Romance Book Reviews
Her Norman Conqueror by Malia MartinAvon, August 1998.
Paperback, 377 pages.
In 1066 England, there are few estates which pass through the female line of descent. Seabreeze Castle is one such estate. Its owner, the lovely Aleen, is determined not to marry her cruel stepbrother, as ordered by King Harold in order to assure that Seabreeze Castle is strongly defended and will not fall into the hands of Norman conquerors. In order to avoid the hateful marriage ordained for her, she impulsively marries a witless, dirty poacher found on her lands. To her immense surprise, he cleans up quite well -- in fact, he's downright handsome, and compellingly attractive. But, he doesn't speak and while docile, seems slow in his thinking, although at times she sees flashes of intelligence in his compelling eyes. Naming him Lord Cynewulf, Aleen settles into married life. But Cynewulf may not be quite what he seems, and the King is extremely unhappy with her actions and decides to take Cynewulf away with him to war. Soon, Aleen is in the middle of the political intrigue surrounding the days before the Battle of Hastings while realizing that she loves her husband -- who may die in the battle ahead. Will she be able to find her husband and keep her beloved Seabreeze Castle in the midst of the Norman invasion?
Malia Martin has taken a much-written about time period and infused it with new life.
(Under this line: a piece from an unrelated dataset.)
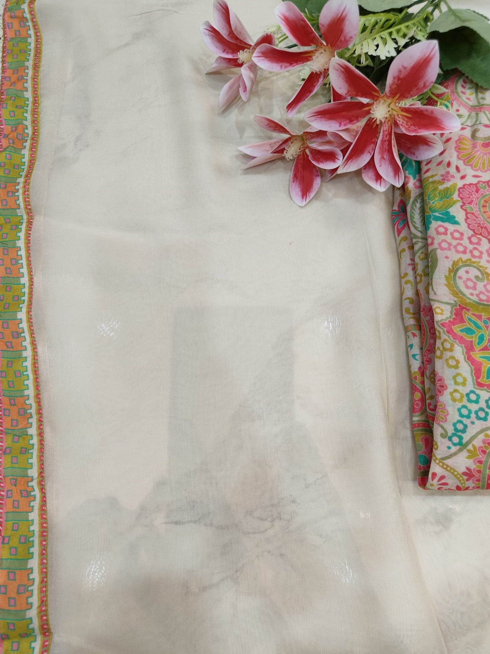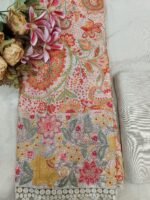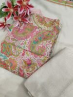 An unstitched mul chanderi digital printed suit perfect for any semi formal occasion.

This rousing tale of an independent woman who was abused as a child will resonate with modern readers. The romance is fresh and unique and the passion is intense. The historical background is interesting and is interwoven nicely with the romantic elements of the story. An excellent historical romance from a talented author.
Highland Scoundrel by Lois GreimanAvon, September 1998.
Paperback, 374 pages.
Lord Roderic McGowan (known as the Rogue in his heyday) has decided that it's time for his fiery, independent daughter Shonna to settle down with a husband. Towards that end, he invites every eligible bachelor in the countryside to his castle for the highland games. A terrible flirt and sometime tomboy, Shonna leads her suitors a merry chase, while privately vowing never to wed -- until she meets the dashing Dugald Kinnaird whose kisses leave her longing for more. But Dugald has his own agenda; he is convinced that Shonna is a spy connected with the assassination attempts on young King James because of her close friendship with him and her frequent visits to Court when the attempts occurred. Pretending to be a suitor, Dugald sets out to win her heart; what he doesn't count on is his own growing passion for the lass which will force him to choose between his heart and his sworn duty.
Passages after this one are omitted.